Forgotten Voice was visually impressive on Saturday and given good ground will surely go well here. A more truly run race may not play to his speed strengths though. There are too many other multiple entries to be firm about shouts at bigger prices, but I’ll be watching closely to see where the likes of Mr Watson (quirky but talented and well weighted here), Native Gallery (off for nearly a year, but fits the profile) and Ifandbutwhynot (track form and a willing attitude) end up.

Albert Bartlett Novice Hurdle

Another race where I claim to have some cast-iron pedigree, having backed four winners in the eight runnings of this race. To be fair, only Nenuphar Collonges landed the race at anything like reasonable odds. Here, Our Vinnie comes as tough as biltong, and with an attitude to warm the most frazzled of Festival spirits. That’s just what is needed. Outclassed by Pont Alexandre over an inadequate 2 ½ miles over Christmas, he has some form on better ground, will love the trip and is worth a play at 16-1 e-w.
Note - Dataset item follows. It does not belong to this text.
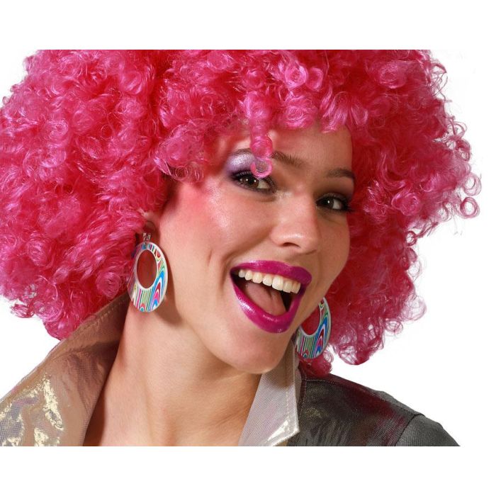 Boucles d'oreilles grandes ronde multicolores hippie pour femme adulte - Accessoire pour fêtes 70s, déguisement ou ambiance disco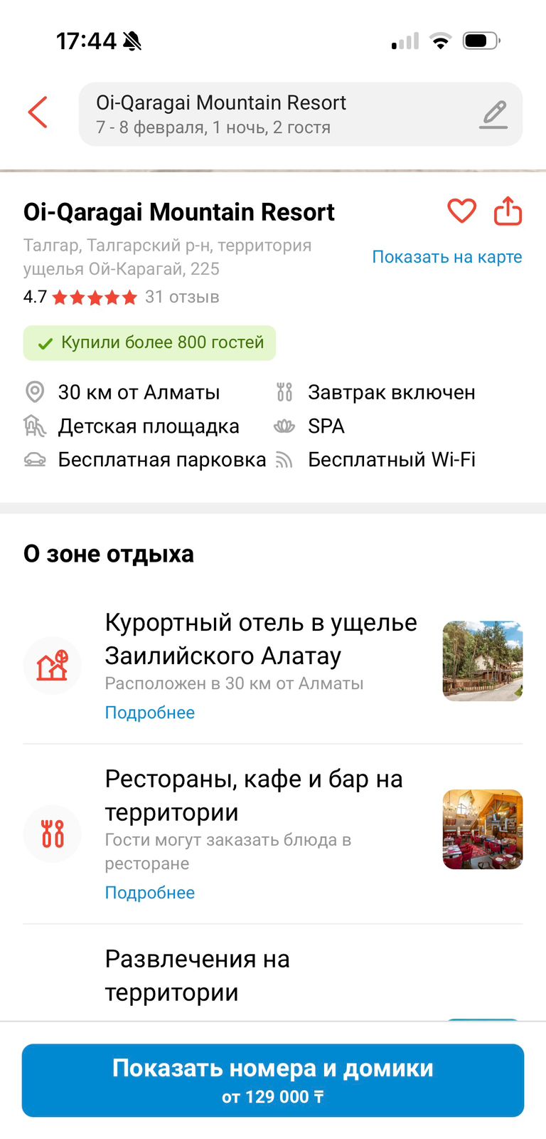 Поиск вариантов доступен по категориям, регионам и фотографиям, что упрощает выбор подходящего места. Оплатить услуги можно с помощью Kaspi Gold, Kaspi Бонусов, а также оформить рассрочку прямо во время покупки.

Ballycasey has to be feared simply because he’s another unexposed Mullins horse who looks a million dollars winning dibbly-dobbly races that offer scanty clues about how good they really are. It’s hard not to like what At Fishers Cross has done. The grinding down of The New One at Cheltenham was visually impressive. Soft ground will be important to him. Utopie Des Bordes didn’t do enough for me to justify prices here of 8-1 in beating She Ranks Me in a mares event over half a mile shorter last month,  when also receiving weight. She’s entitled to come on for that run, but I don’t know if she’ll have the balls for this. Road To Riches seems to lack a bit of experience, which just might be needed here and his jumping could come under pressure. African Gold would be interesting if sent this way, but he seems to have handicaps on his agenda, as does Gevrey Chambertin who brings a tall reputation and short prices into 5 races. His trainer’s Dad’s conditionals race seems most likely for the full brother to Grand Crus.

Gold Cup

Another open renewal. And a fascinating clash in prospect now that the old guard have moved over – Imperial Commander’s (regrettable) withdrawal this week confirms that. I nailed my colours to the Silviniaco Conti mast at 8-1 before his Denman Chase win. He ticks all the boxes for me and it’s interesting that Sir Des Champs’ victory over Flemenstar the same weekend was much more loudly trumpeted. Despite the latter being found to be lame, the Gold Cup market still hardened in favour of the Willie Mullins inmate. I went back to look at the Denman Chase to see what I was missing. I can’t see it. He travels strongly in his races, stays, jumps neatly, straight as a dye and ground conditions are not a deal breaker. He has won at Wetherby (an undulating track with stiff fences) and Newbury (a left handed track), so I don’t really buy the ‘hasn’t done it at HQ’ argument. So I’ve gone in again at 4-1. It’s the only thing to do. I fear Bob’s Worth the most, however. The great grinder will eat up this track and there’s a chance he will out stay Conti. Long Run’s jumping errors leave him there for the taking (Yogi Breisner’s been in town again). First Lieutenant I like a lot round here, but I’m hoping he heads to the Ryanair. I can’t see anything else getting in to it. Captain Chris may stay on late, but his jumping erratic.  

Silviniaco Conti

Foxhunters, Conditional Jockeys Hurdle, Grand Annual

The Foxhunters will be a minimum stakes race and it is not something I have a view on right now. I see that the Martin Pipe Conditionals Hurdle has a mere 196 entries to wade through. I’m not going there. How much quality has this race really added to the Festival? Is this the place for a debate about the return to a three-dayer? Possibly not. The Grand Annual I do like however, and will be getting stuck in with alacrity come the day. It is also the final race in our local Fantasy Festival which becomes such a blood and thunder preoccupation on the last day. Things will be very, very messy by 5.20pm on Friday afternoon.

It is almost upon us. So close I can smell the burgers. Good luck if you are playing. You will need it.